Vedanta ‘in total contempt of the law’ says Indian government

Tribal women gather to protest and listen to speeches at Bijepur at a rally organised by the Adim Adhikar Surakshya Manch (a group to protect tribal groups) against the Vedanta plant. Stuart Freedman/ ActionAid
Tribal women gather to protest and listen to speeches at Bijepur at a rally organised by the Adim Adhikar Surakshya Manch (a group to protect tribal groups) against the Vedanta plant. Stuart Freedman/ActionAid

There have been numerous meetings of tribal communities to protest against Vedanta's plans (Stuart Freedman/ActionAid)

Damning Indian government report says British-owned mining company’s plans should be blocked, as two local tribal campaigners are abducted

British-owned mining giant Vedanta Resources has been dealt another blow after the Indian government criticised its latest plans to mine for bauxite in a remote part of eastern India considered sacred by the indigenous population.

Earlier this year major investors including the Church of England pulled investments from the company, saying they had ‘no confidence’ the company was respecting the human rights of the local communities. This followed heavy criticism of its plans for the new mine by NGOs and the UK government.

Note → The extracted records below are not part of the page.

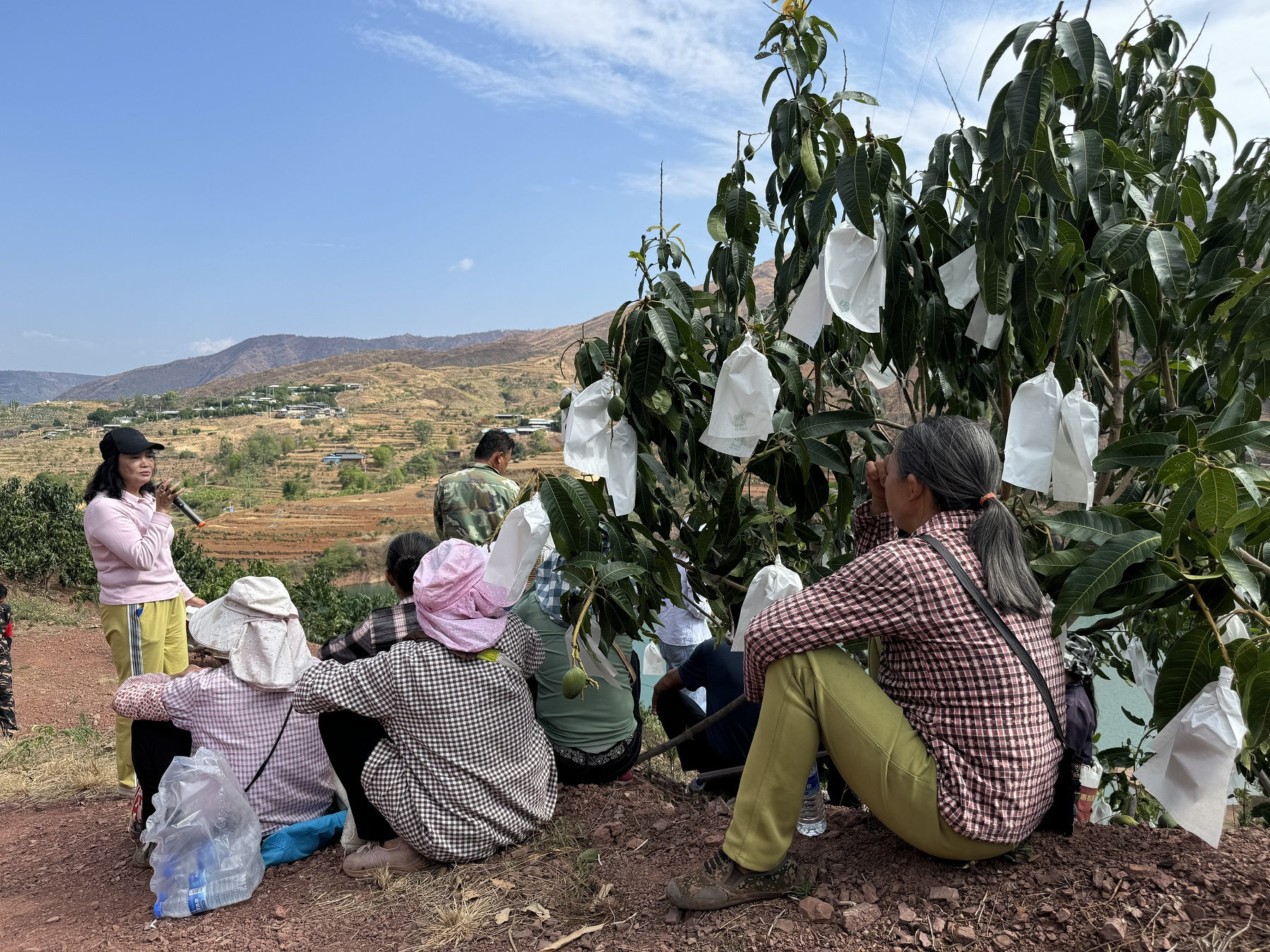 “今天,我们主要讲解芒果的蔬果、保果、套袋以及病虫害防治,只要学会了技术,按照技术要点管理芒果,就能提高芒果产量和质量……”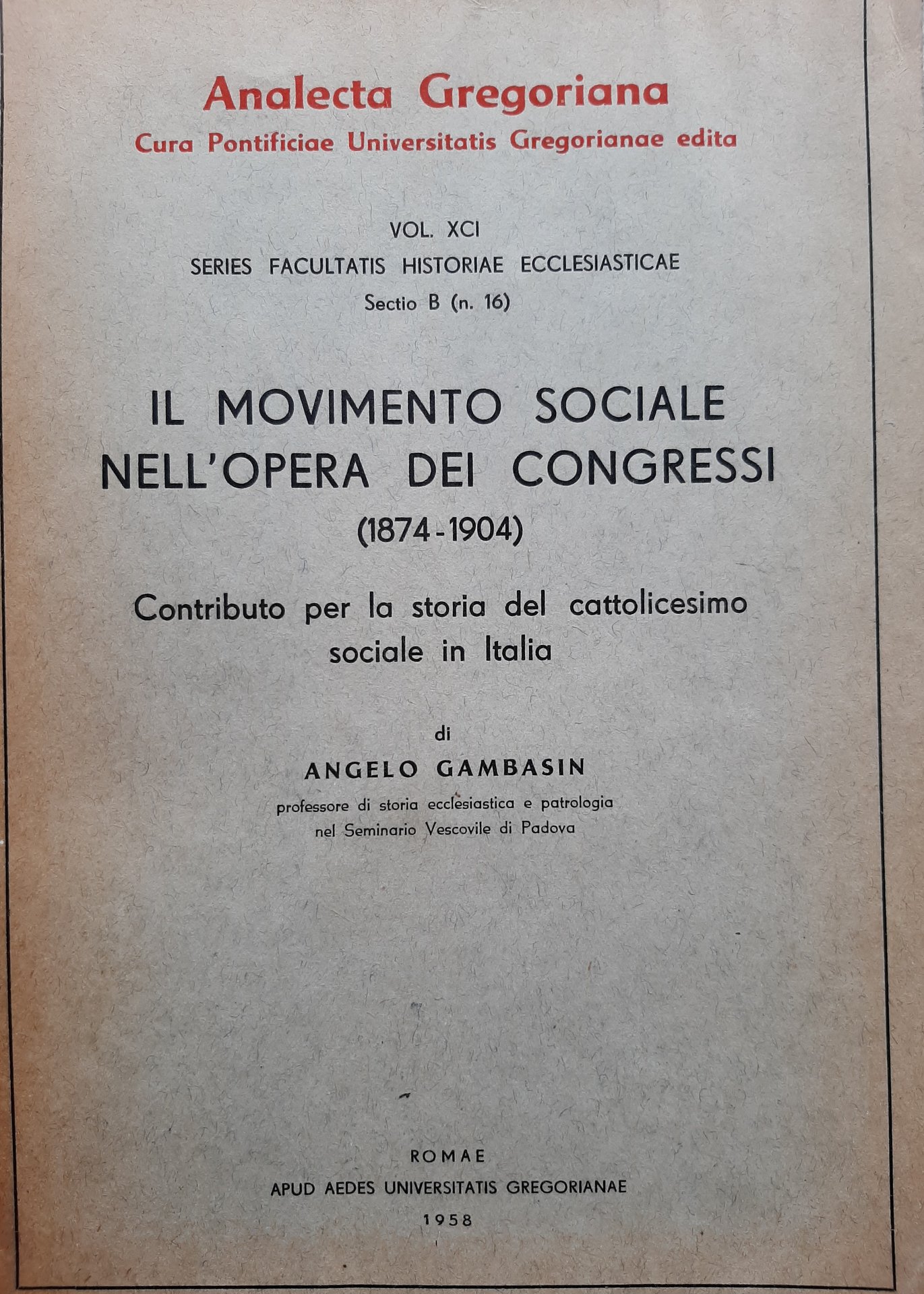 Il movimento sociale nell'opera dei congressi (1874-1904). Contributo per la storia del cattolicesimo sociale in Italia. - Analecta Gregoriana. Vol. 91. Series Facultatis Historiae Ecclesiasticae. Sectio B (n.16).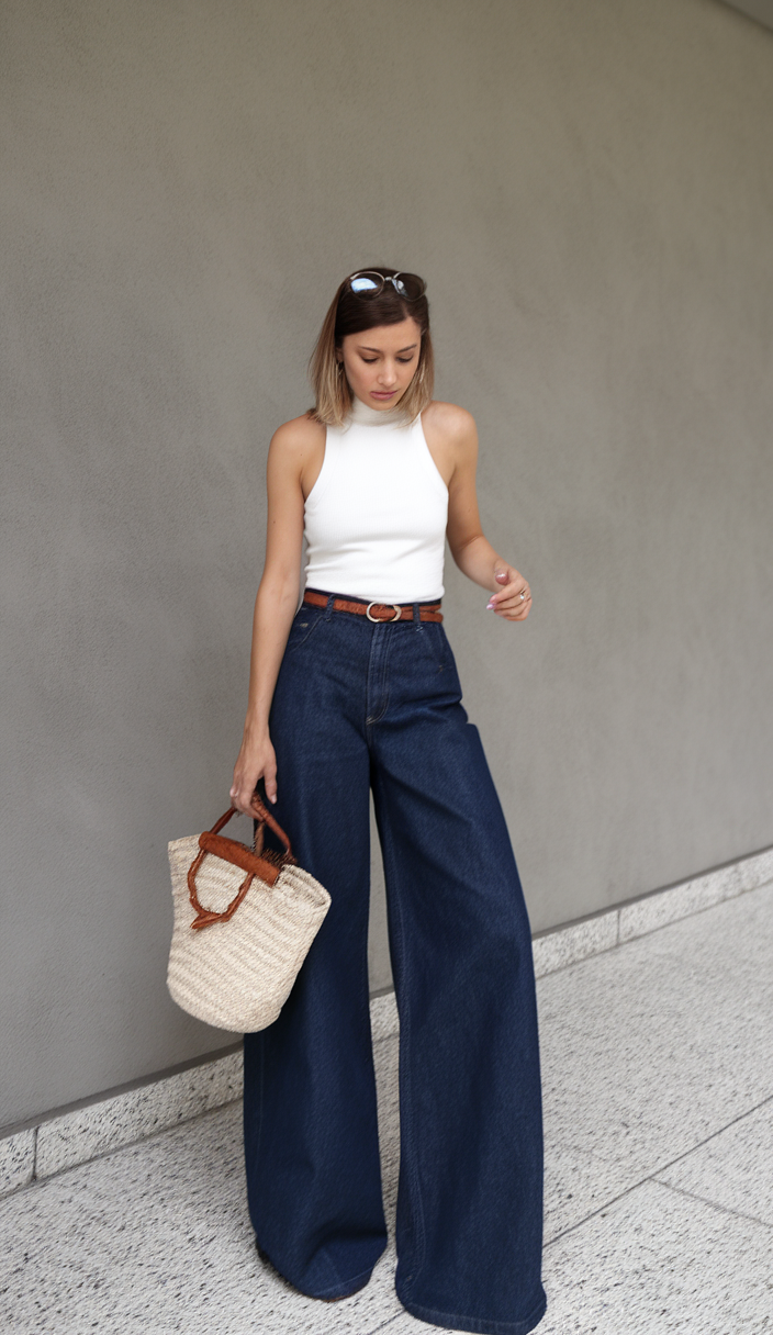 A minimalist rendition to daily styling is showcased with these wide-leg light-wash denim jeans combined with a white sleeveless cropped top. Jeans with a raw-hem detailing are ultra-modern which makes this 2025 staple a must have. A woven tote bag goes with the light and relaxed silhouette ideal for Italian women inspired casual looks. This capsule 2025 outfit looks put together while providing the wearer maximum comfort.

The latest report by the Indian Ministry of Environment and Forestry has recommended that proposals for the new mine be rejected due to its expected impacts on both nearby wildlife and the local Dongaria Kondh tribal people who occupy the area.

The report also went on to criticise Vedanta’s activities in the region, saying the corporation had acted ‘in total contempt of the law’.

The report stated:

•    Mining in the area would disturb important wildlife habitat in the area, including a number of sensitive species.

•    The mine would threaten the economic, social and cultural wellbeing of the local Dongaria Kondh people who occupy the surrounding area.

•    That local state officials had colluded with Vedanta in its application for permission to mine, including falsifying documents in the application process.

•    Consent for the mining had neither been sought nor obtained from the Dongaria Kondh people, as required under Indian law.

Campaign groups including ActionAid and Amnesty International have welcomed the report, calling on the Indian government to rule against Vedanta when it makes its final decision on the mine later this month.

‘This is an important report because it is going to help protect the extinction of the tribal community and help them assert their fundamental rights,’ said Bratindi Jena, head of tribal rights at ActionAid.

‘The India government must now do the right thing and call a stop to this project once and for all.’

Vedanta has declined to comment on the report at present, but the company has previously stated that it ‘remains committed to pursuing its investments in a responsible manner, respecting the environment and human rights’.

Abduction of campaigners

The report comes just one week after two anti-Vedanta campaigners from the Dongaria Kondh tribe were abducted by gunmen while on their way to campaign against the proposed mine. One of the men was beaten and the other tortured before being released.

Ramesh Gopalkrishnan, researcher for Amnesty International’s South Asia team, has called on the Orissa state government to investigate the kidnappings, reporting that the abducted men believe local police to be responsible.

Gopalkrishnan said: ‘From what these men say, and from what eyewitnesses say, these men were taken by local police.

‘They were illegally detained and we have issued a statement asking the state government to find out why. The state government has so far not responded.’